ObfuNAS: A Neural Architecture Search-based DNN Obfuscation Approach
This addresses a security problem for DNN owners by mitigating an under-explored vulnerability in architecture obfuscation, though it is incremental as it builds on existing obfuscation and NAS techniques.
The paper tackles the vulnerability of DNN architecture obfuscation to adversarial retraining by proposing ObfuNAS, which uses neural architecture search to find obfuscated architectures that degrade attacker accuracy by up to 2.6% with minimal computational overhead.

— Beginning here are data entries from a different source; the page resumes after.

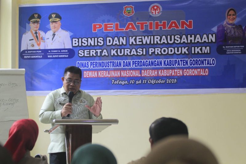 Dukungan itu disampaikan Sugondo, pada pelatihan bisnis dan kewirausahaan serta kurasi produk IKM di Pusat Layanan Usaha Terpadu (PLUT) Desa Bulia, Kecamatan Telaga, Jumat (10/10/2025).
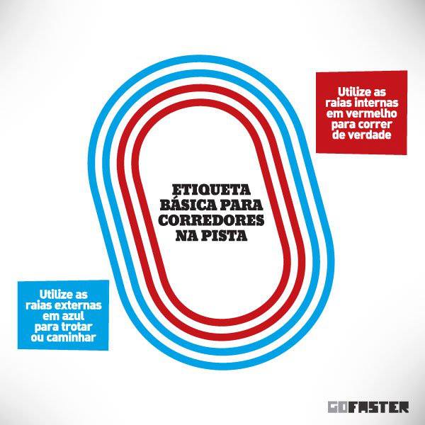 Se você for fazer treinos de tiro ou correr mais rápido, utilize as raias do lado de dentro da pista. Quanto mais rápido, mais para dentro. Se for caminhar ou trotar, utilize as raias do lado de fora. Conforme o desenho abaixo, feito pelo pessoal da Go Faster.
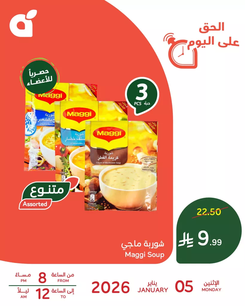 تحتوي عروض بنده علي : 3 حبات من شوربة ماجي بـ 10 ريال سعودي
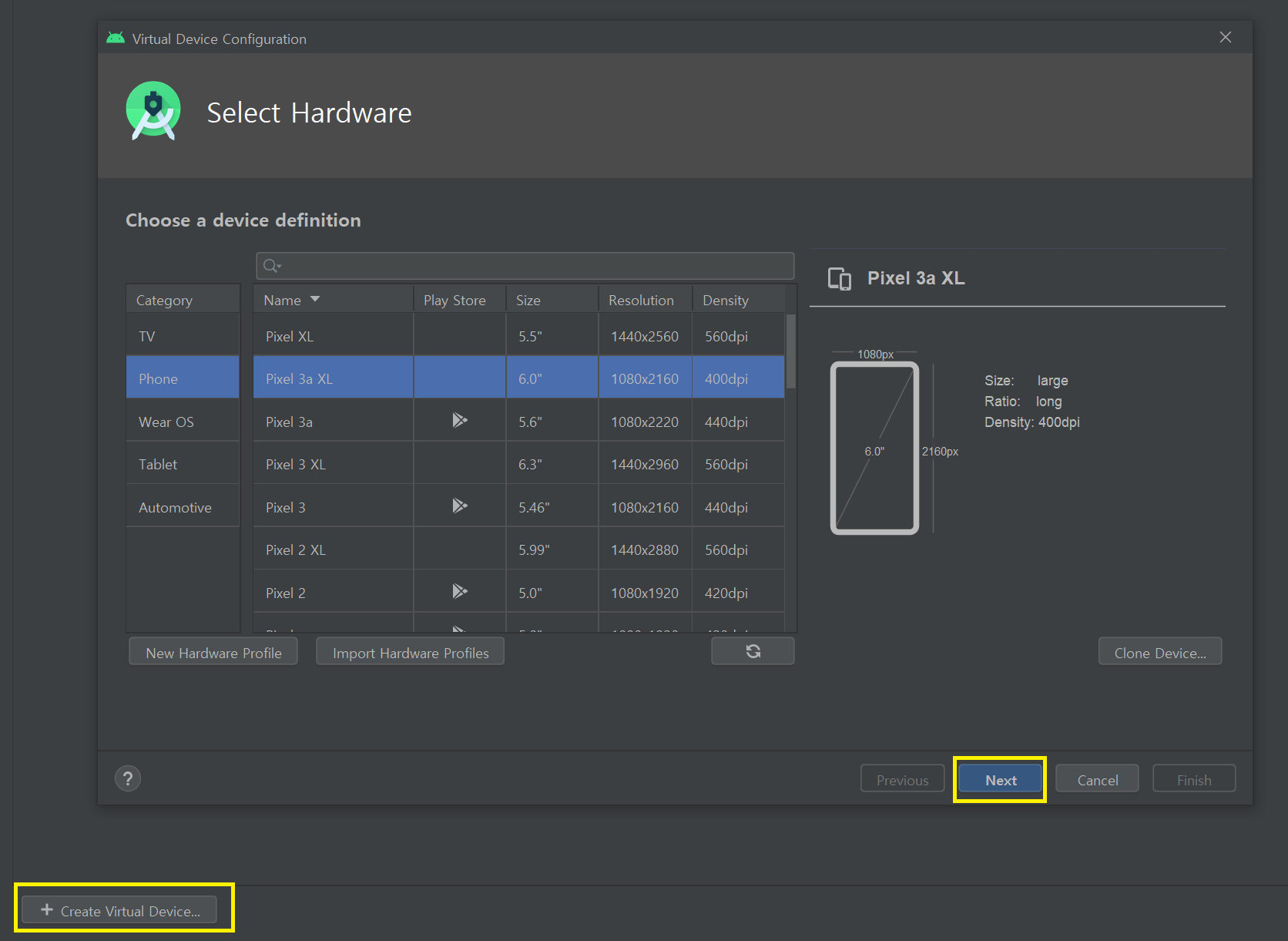 4. Android 스튜디오에서 Tools > AVD Manager를 클릭하고 안내에 따라 새 Android Virtual Device(AVD)를 만듭니다.

Malicious architecture extraction has been emerging as a crucial concern for deep neural network (DNN) security. As a defense, architecture obfuscation is proposed to remap the victim DNN to a different architecture. Nonetheless, we observe that, with only extracting an obfuscated DNN architecture, the adversary can still retrain a substitute model with high performance (e.g., accuracy), rendering the obfuscation techniques ineffective. To mitigate this under-explored vulnerability, we propose ObfuNAS, which converts the DNN architecture obfuscation into a neural architecture search (NAS) problem. Using a combination of function-preserving obfuscation strategies, ObfuNAS ensures that the obfuscated DNN architecture can only achieve lower accuracy than the victim. We validate the performance of ObfuNAS with open-source architecture datasets like NAS-Bench-101 and NAS-Bench-301. The experimental results demonstrate that ObfuNAS can successfully find the optimal mask for a victim model within a given FLOPs constraint, leading up to 2.6% inference accuracy degradation for attackers with only 0.14x FLOPs overhead. The code is available at: https://github.com/Tongzhou0101/ObfuNAS.